As shown in Table 1, the insertion allele frequencies of the 57 InDels in the studied Tujia group ranged from 0.2901 (rs72085595) to 0.7328 (rs66477007). In order to evaluate the forensic application efficiency of the system of 57 InDels in the studied Tujia group, we calculated the forensic parameters (Ho, He, PIC, PD, PE, and PM). The lowest Ho and He values shown at the locus rs66477007 were 0.3435 and 0.3923, respectively. The rs561160795 locus showed the highest Ho value (0.5573); the rs145010051 and rs67365630 loci showed the highest He value (0.5009). The PIC values of the 57 InDels in the studied Tujia group ranged from 0.3149 (rs66477007) to 0.3750 (rs145010051 and rs67365630). Moreover, the PD, PE, and PM values of the 57 InDels varied from 0.5581 (rs66477007) to 0.6461 (rs145010051), 0.0831(rs66477007) to 0.2427 (rs561160795), and 0.3539 (rs145010051) to 0.4419 (rs66477007) in the studied Tujia group, respectively. The values of combined PD (CPD) and combined PE (CPE) were calculated among the joint application of the 57 InDels, which reached to 0.99999999999999999999999699822 and 0.999975177214539, respectively.

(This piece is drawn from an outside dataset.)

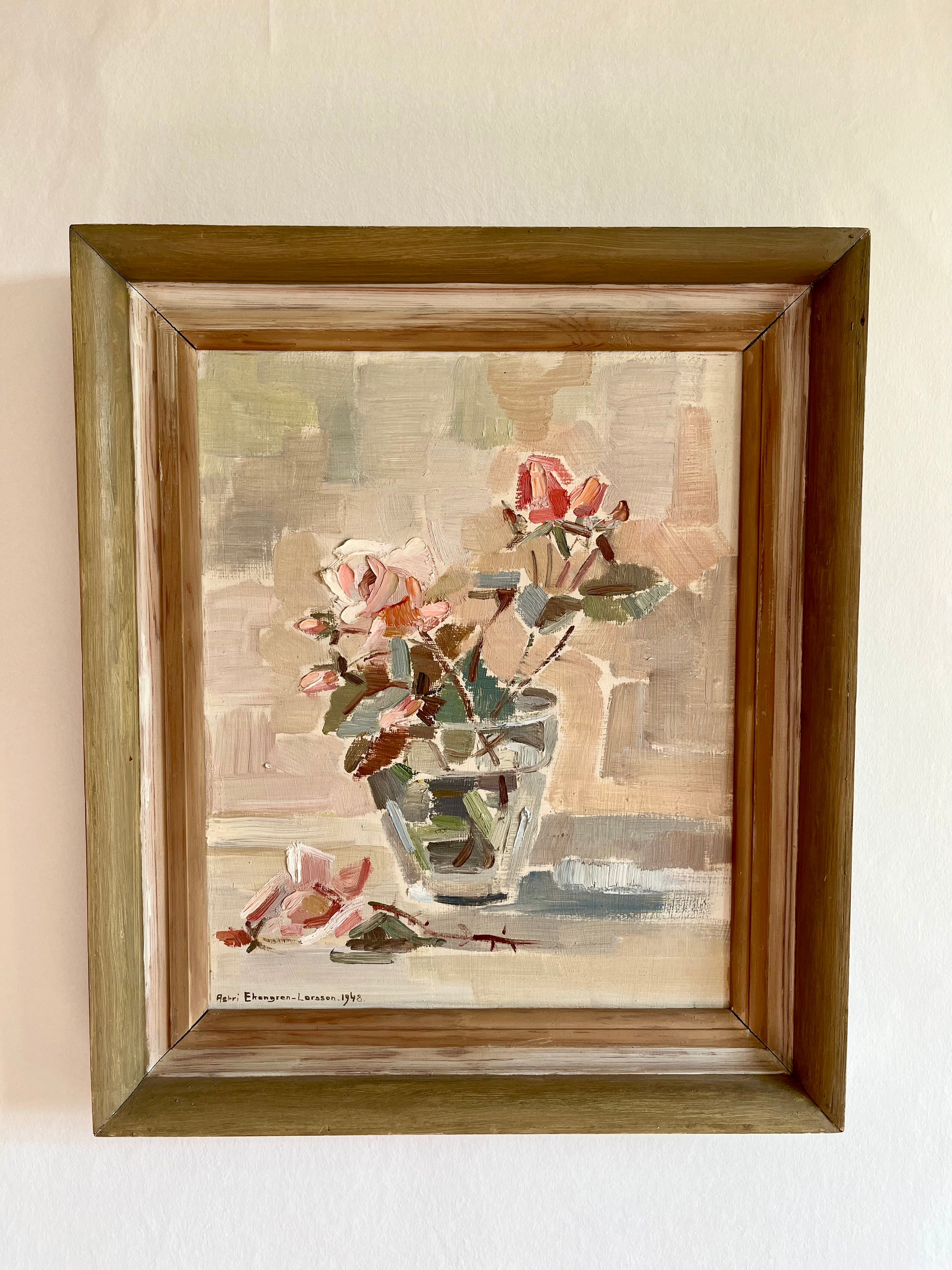 Astri Ekengren-Larsson (1898-1990) originally trained as a silversmith and later turned to painting and visual art. She studied arts and crafts in Moscow, and was a private pupil of Hugo Carlberg, Swedish artist and painter. In 1940 she studied at the Skânska painting school in Malmö. Her works were often exhibited in Hässleholm and Linköping and with the Östgöta art association.

3.3 Forensic efficiency comparisons of 57 InDels between the studied Tujia group and other 26 reference populations

The heatmap based on the insertion allele frequencies of 57 InDels for the studied Tujia group and 26 reference populations is shown in Figure 2. The frequency values were expressed by different color of the cube in the heat map; the color changed from blue to orange as the insertion allele frequency values decreased. As shown in Figure 2, the allele frequency distributions of the studied Tujia group were similar to those of the five reference populations in EAS and showed significant differences from those of other four reference intercontinental populations.

FIGURE 2

FIGURE 2. Heatmap showing the insertion allele frequency differences among the studied Tujia group and 26 reference populations on the same 57 autosomal InDels.

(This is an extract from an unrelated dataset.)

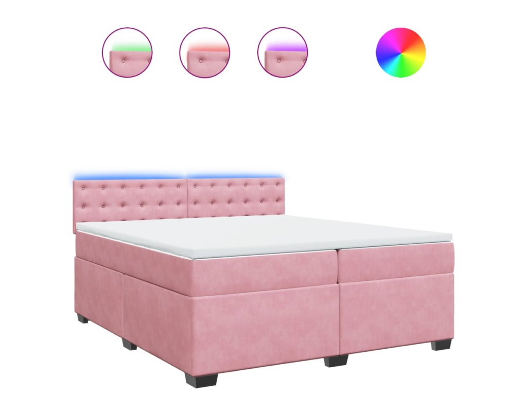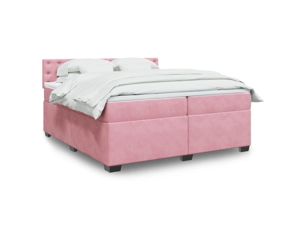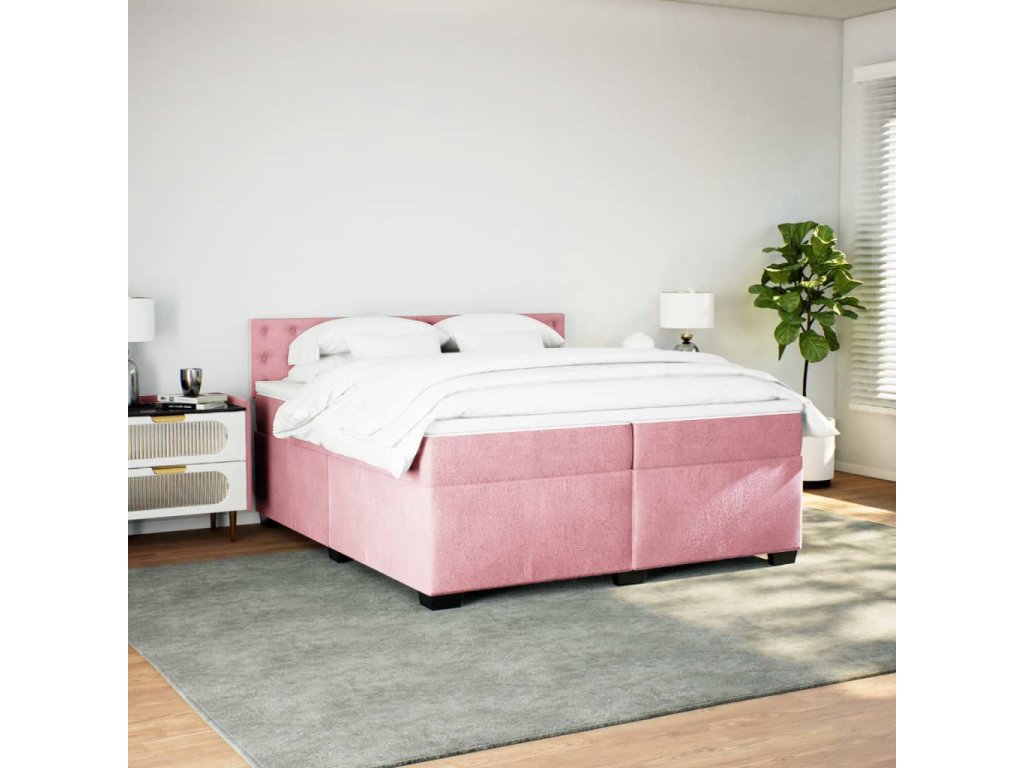 vidaXL Posteľný rám boxsping s matracom ružový200x200 cm zamat

Cluster analysis showed that these 27 populations were mainly divided into two clusters, and seven AFR populations constituted one of the main clusters. As shown in Figure 2, twelve InDels (loci rs145010051, rs113011930, rs76158822, rs60867863, rs77635204, rs46875868, rs79225518, rs57981446, rs77206391, rs34076006, rs66739142, and rs145191158) were high insertion allele frequency distributions (>0.9) in AFR populations. The other main cluster was composed of four continental populations: EUR, SAS, EAS, and AMR. The studied Tujia group in this research was in the same sub-cluster with EAS populations due to their relatively similar insertion allele frequency distributions. Except for loci rs72085595, rs3067397, rs71852971, rs67264216, and rs11277697, the insertion allele frequencies of other loci ranged from 0.4 to 0.7 in EAS populations. In addition, we also found that some loci showed particular allele frequency distributions in different continental populations. For example, the insertion allele frequency of the locus rs72085595 was lower in the studied Tujia group and EAS populations but higher in the AFR and EUR populations. Meanwhile, loci rs145941537 and rs34529639 were higher frequency values in the studied Tujia group and EAS populations but lower frequency values in the AFR and EUR populations.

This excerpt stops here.